● What you are asked to do: Leaving the pictures out, print the lines from the first line of the listing through the line containing "SWL сообщает: в", exactly as they read, and no others.

● Source records:

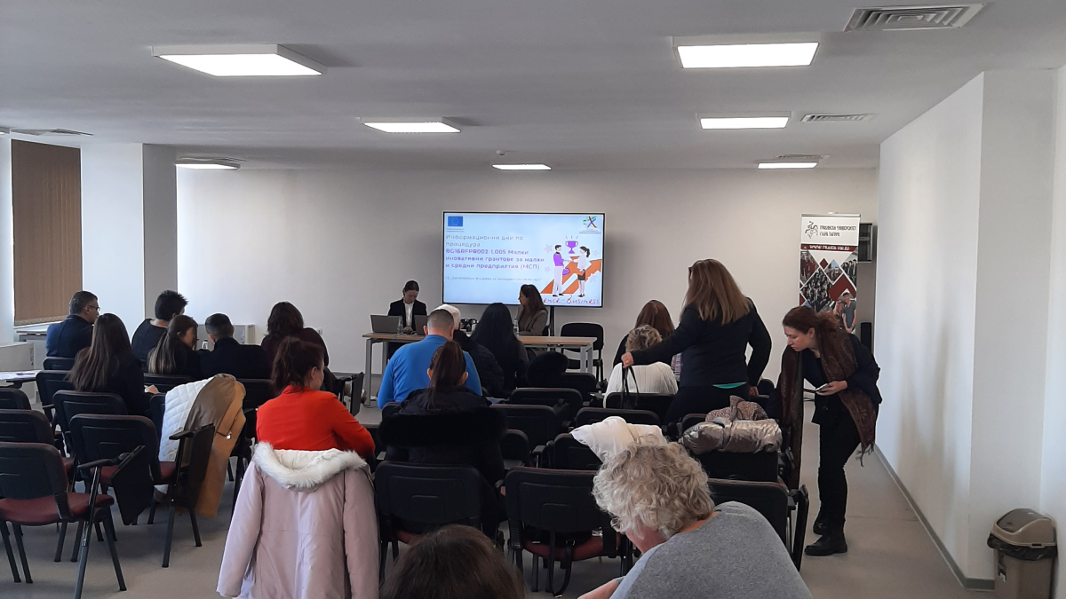 На 04.02.2025г., експерти от Главна дирекция „Европейски фондове за конкурентоспособност” към Министерството на иновациите и растежа проведоха информационен ден на тема актуалната за прием на проектни предложения процедура - BG16RFPR002-1.005 „Малки иновативни грантове за малки и средни предприятия (МСП)” по Програма „Научни изследвания, иновации и дигитализация за интелигентна трансформация“ 2021-2027.
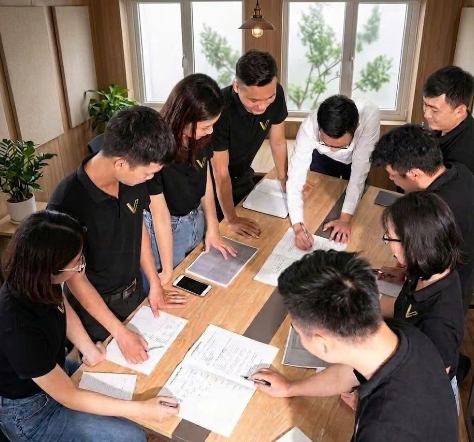 Tập thể cán bộ, công nhân viên Vinh Gia luôn tìm tòi, nghiên cứu, nâng cao năng lực để mang tới cho khách hàng những sản phẩm cao cấp, chất lượng hoàn hảo.
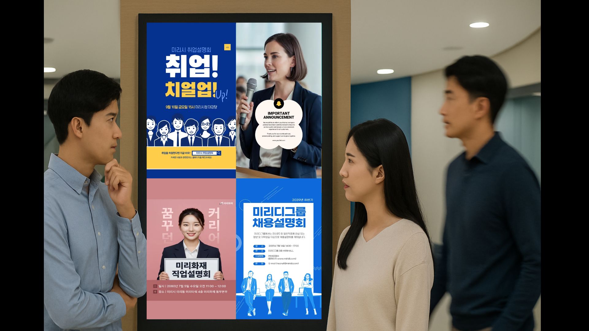브라우저만 있으면 누구나 쉽게 관리할 수 있으며, PDF · PPT · 이미지 · 동영상 등 여러 형식의 콘텐츠를 동시에 출력할 수 있어 현장의 안내 효율을 크게 높여줍니다.
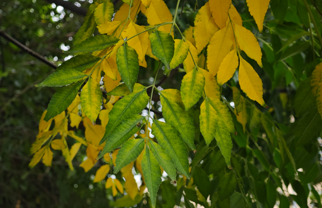 楝树的叶片开始浸染秋意,由绿渐黄;
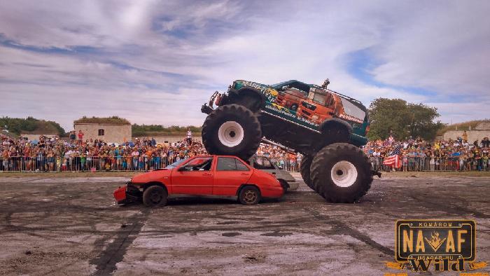 A betonpályához érve láttunk szinte repülő, táncoló Low Ridereket, füstöt okádó, aszfaltszaggató autókat, végül két óriási szörnyeteg érkezett, Big Foot és Kék Mammut, akik miszlikre taposták az erre a célra beáldozott roncsautókat. A csikorgó és hangosan eldurranó gumik is nagy ovációt váltottak ki, hát még az összeroppanó kasznik és szétrobbanó szélvédők.
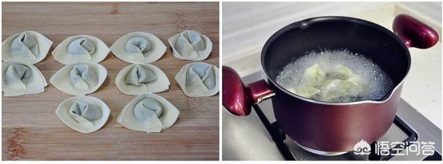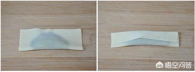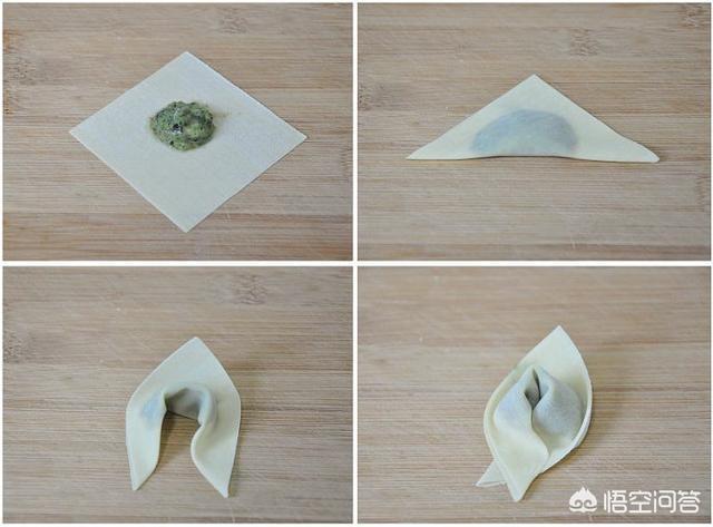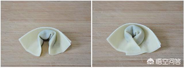 馄饨跟饺子的包法不一样:两边对折,不用捏褶,平着将两个角捏合在一起即可。
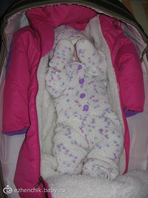 я одевала — слипик, вязаный костюм или тёплый прогулочный слип, чепчик, шапка. в переноску в конверт, в коляску.
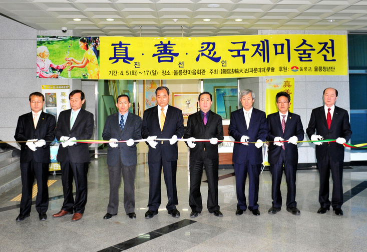 ![]() 韩国第一百一十期“真善忍国际美术展”于二零一一年四月五日在韩国“郁陵岛”揭幕 |
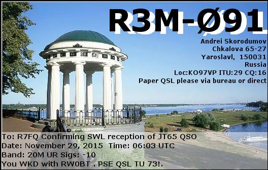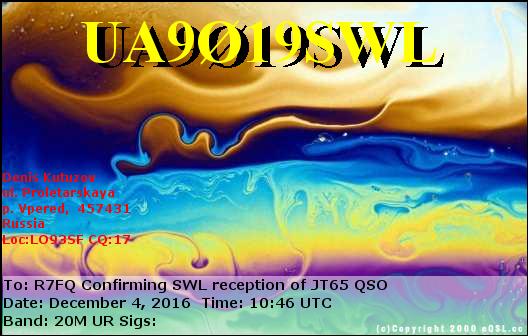 SWL сообщает: в 15:22 18 июля 2018 года слышал R9OY c уровнем -10 в модуляции FT8.
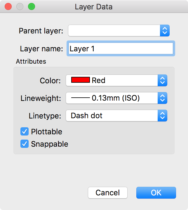 Utilice la herramienta Capa > Añadir capa para crear una nueva capa. Llame a la capa "Capa 1" y dele un color (rojo), grosor de la línea (0,13 mm) y tipo de línea (punto de guion):
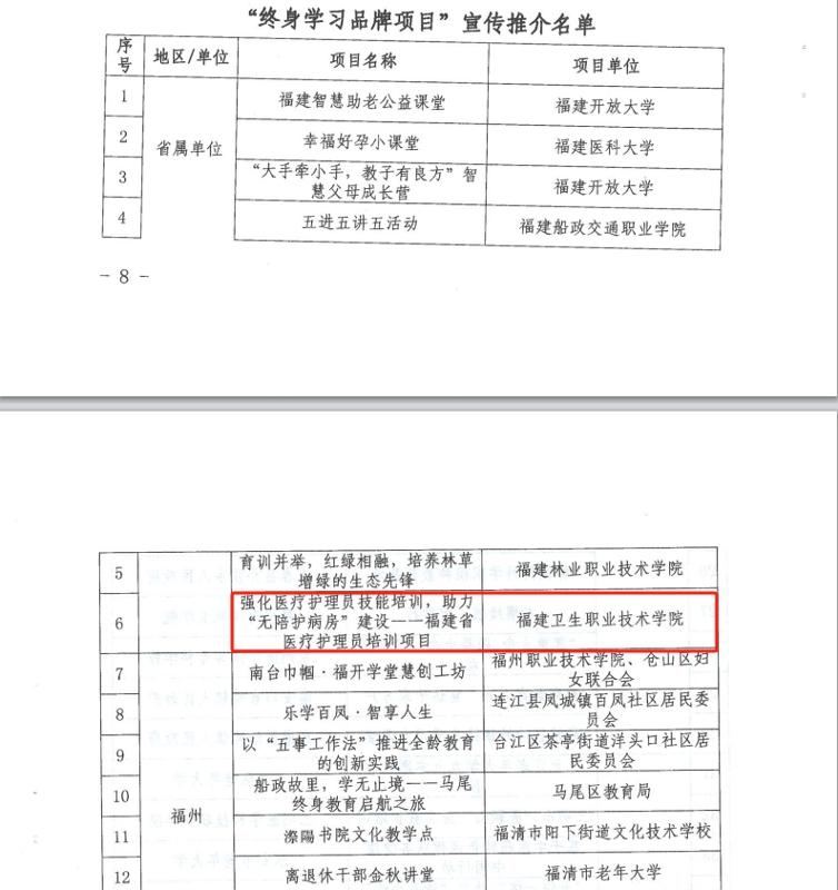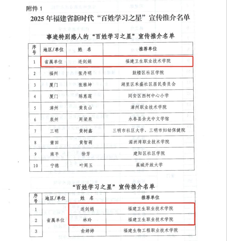 近日,福建省終身教育促進(jìn)委員會公布2025年“百姓學(xué)習(xí)之星”和“終身學(xué)習(xí)品牌項目”推介名單。我校護(hù)理學(xué)院連劍娟老師、藥學(xué)院林玲老師入選“百姓學(xué)習(xí)之星”,其中連劍娟老師更是躋身全省10位事跡特別感人的“百姓學(xué)習(xí)之星”行列。繼續(xù)教育學(xué)院和護(hù)理學(xué)院聯(lián)合申報的《強(qiáng)化醫(yī)療護(hù)理員技能培訓(xùn),助力“無陪護(hù)病房”建設(shè)——福建省醫(yī)療護(hù)理員培訓(xùn)項目》入選“終身學(xué)習(xí)品牌項目”。
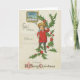 Esta vintage tarjeta de bienvenida de la época victoriana tiene un diseño muy sencillo. Muestra a un chico hablando por un teléfono antiguo de la época original de la tarjeta. Incluye un relleno del saludo en blanco que imita una llamada telefónica. La carta también está cubierta con un montón de holly.
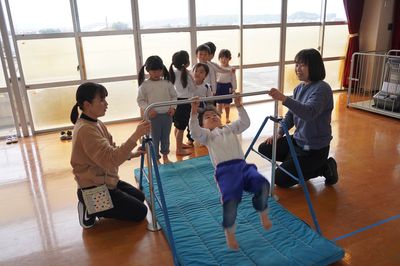 令和8年2月16日(月)の1コマです。2月も後半になりました。今週も楽しい1週間にしたいです。にこにこタイムで身体を動かしています。写真は鉄棒をしている様子です。
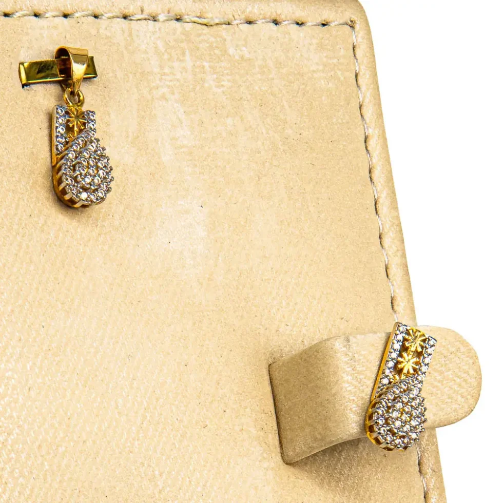Inspired by nature’s elegance, this 21K gold pendant set features a delicate leaf design that radiates simplicity and grace. Its fine detailing and smooth finish make it perfect for both everyday wear and special occasions.
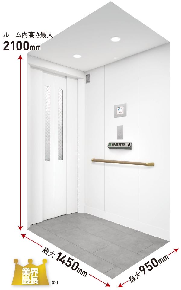 ルーム内高さ最大2100mm、ルーム内間口最大950mm、ルーム内奥行き業界最長(※1)最大1450mm。広い空間は乗る人がリラックスでき、快適に利用いただけます。
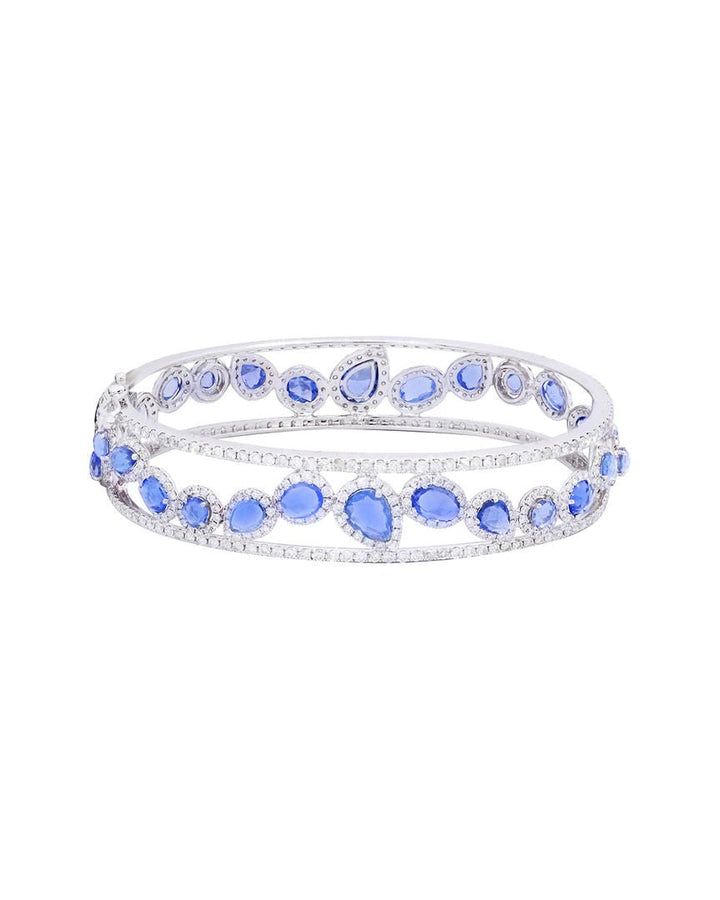 This Sapphire and Diamond Bangle by Diana M is an extraordinary statement of opulence. Crafted in 18kt white gold, it features 7.00 carats total weight of mesmerizing rose-cut sapphires, elegantly framed by 6.40 carats total weight of diamonds in a flowing, wavy design. A true masterpiece for collectors of exquisite fine jewelry.
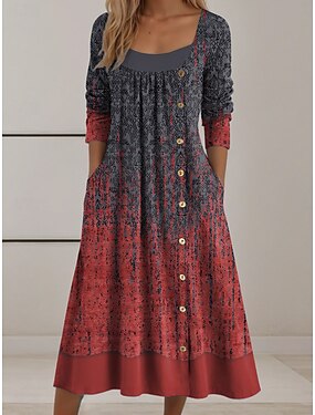 Per donna Abito Midi Abito a Tubino Casual Quotidiano Vestibilità regolare Grafico Geometrico Manica Lunga Collo quadrato Blu Rosso Viola Verde Autunno Inverno
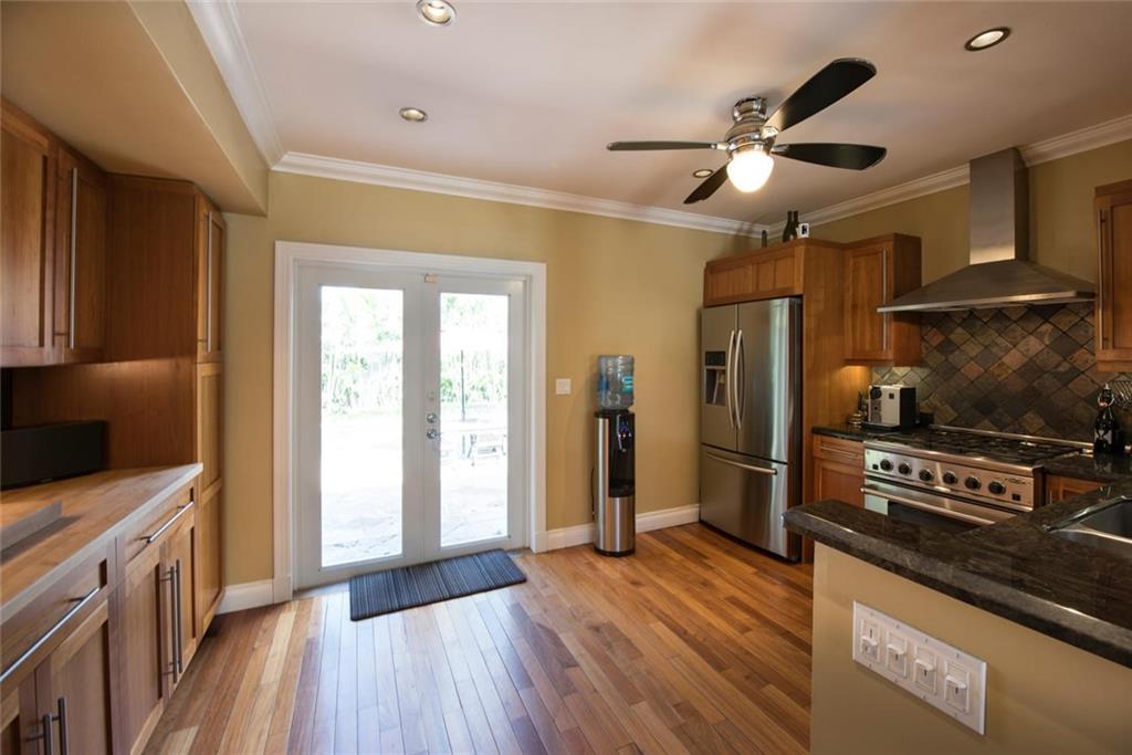 Quality Renovations in this immaculate home! New plumbing and electric, impact windows & French doors, barrel tile strapped roof, natural gas for stove & water heater. Stunning Brazilian chestnut wood floors, crown molding, European kitchen w/butcher blk & granite.Top of the line stainless appliances!Newer Mstr addition w/lg. walk in closet,German fixtures in mstr bath w/sep- shwr & spa tub. Heated Saltwater pl/w/waterfall! Security sys w/cameras. Nest Ac system & tropical landscaping.
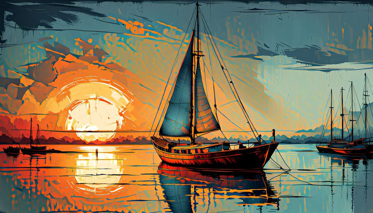 This serene image captures a sailboat resting on a still lake in the warm golden light of sunset, with a blend of expressive brushstrokes, dreamy colors, and dramatic light, evoking a nostalgic atmosphere with triadic blues, yellows, and reds.
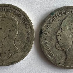 1 kr 1890, 50 Öre 1899, 25 Öre 1898, 1904, 1907. 10 Öre 1902, 1904
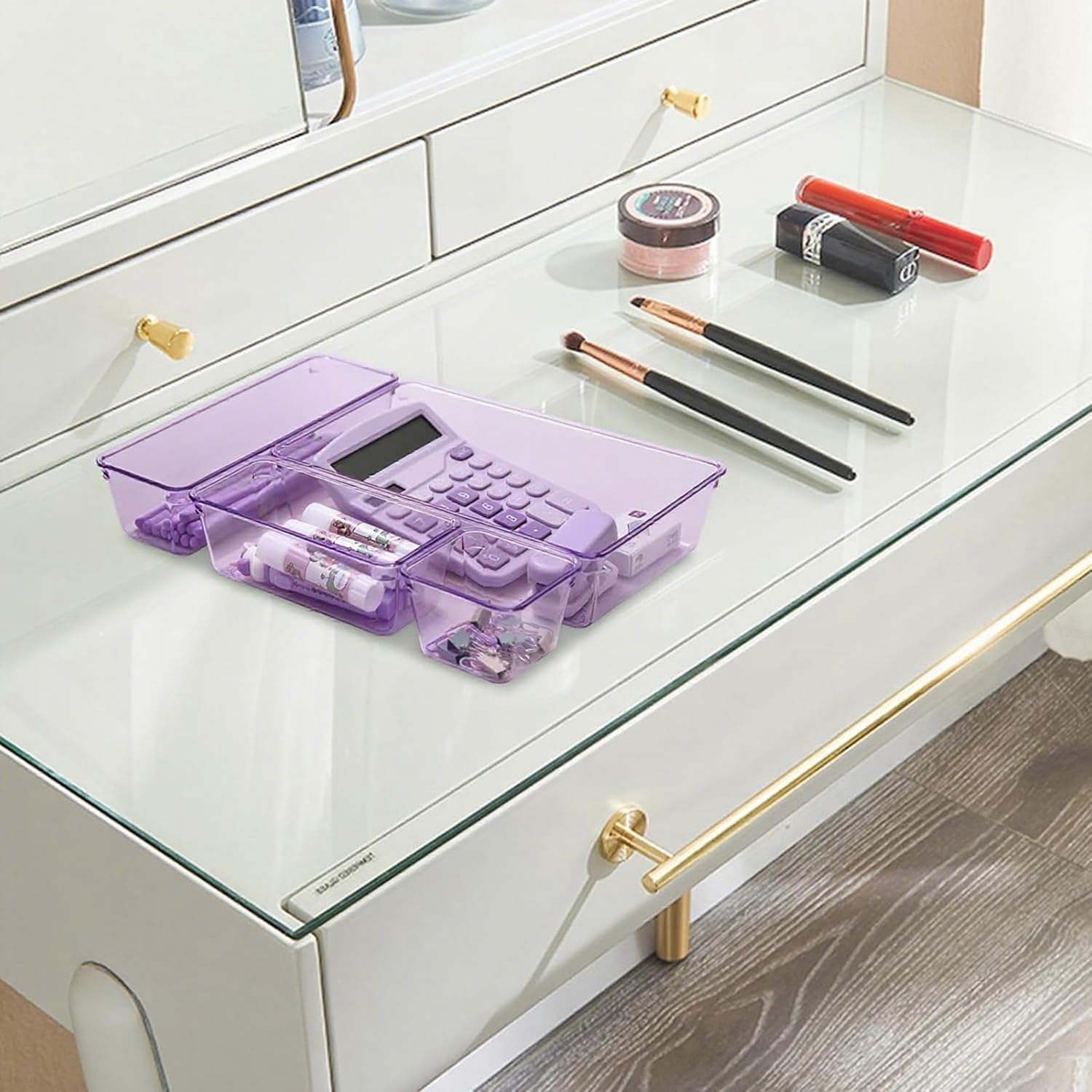 Kitchen Desk Drawer Organizers Storage for Office, Small Acrylic Vanity Trays Makeup Organizer for Drawer Bathroom Plastic Make up Organizers 25 Pcs Clear Purple

● Output below:
 На 04.02.2025г., експерти от Главна дирекция „Европейски фондове за конкурентоспособност” към Министерството на иновациите и растежа проведоха информационен ден на тема актуалната за прием на проектни предложения процедура - BG16RFPR002-1.005 „Малки иновативни грантове за малки и средни предприятия (МСП)” по Програма „Научни изследвания, иновации и дигитализация за интелигентна трансформация“ 2021-2027.
 Tập thể cán bộ, công nhân viên Vinh Gia luôn tìm tòi, nghiên cứu, nâng cao năng lực để mang tới cho khách hàng những sản phẩm cao cấp, chất lượng hoàn hảo.
브라우저만 있으면 누구나 쉽게 관리할 수 있으며, PDF · PPT · 이미지 · 동영상 등 여러 형식의 콘텐츠를 동시에 출력할 수 있어 현장의 안내 효율을 크게 높여줍니다.
 楝树的叶片开始浸染秋意,由绿渐黄;
 A betonpályához érve láttunk szinte repülő, táncoló Low Ridereket, füstöt okádó, aszfaltszaggató autókat, végül két óriási szörnyeteg érkezett, Big Foot és Kék Mammut, akik miszlikre taposták az erre a célra beáldozott roncsautókat. A csikorgó és hangosan eldurranó gumik is nagy ovációt váltottak ki, hát még az összeroppanó kasznik és szétrobbanó szélvédők.
 馄饨跟饺子的包法不一样:两边对折,不用捏褶,平着将两个角捏合在一起即可。
 я одевала — слипик, вязаный костюм или тёплый прогулочный слип, чепчик, шапка. в переноску в конверт, в коляску.
 ![]() 韩国第一百一十期“真善忍国际美术展”于二零一一年四月五日在韩国“郁陵岛”揭幕 |
 SWL сообщает: в 15:22 18 июля 2018 года слышал R9OY c уровнем -10 в модуляции FT8.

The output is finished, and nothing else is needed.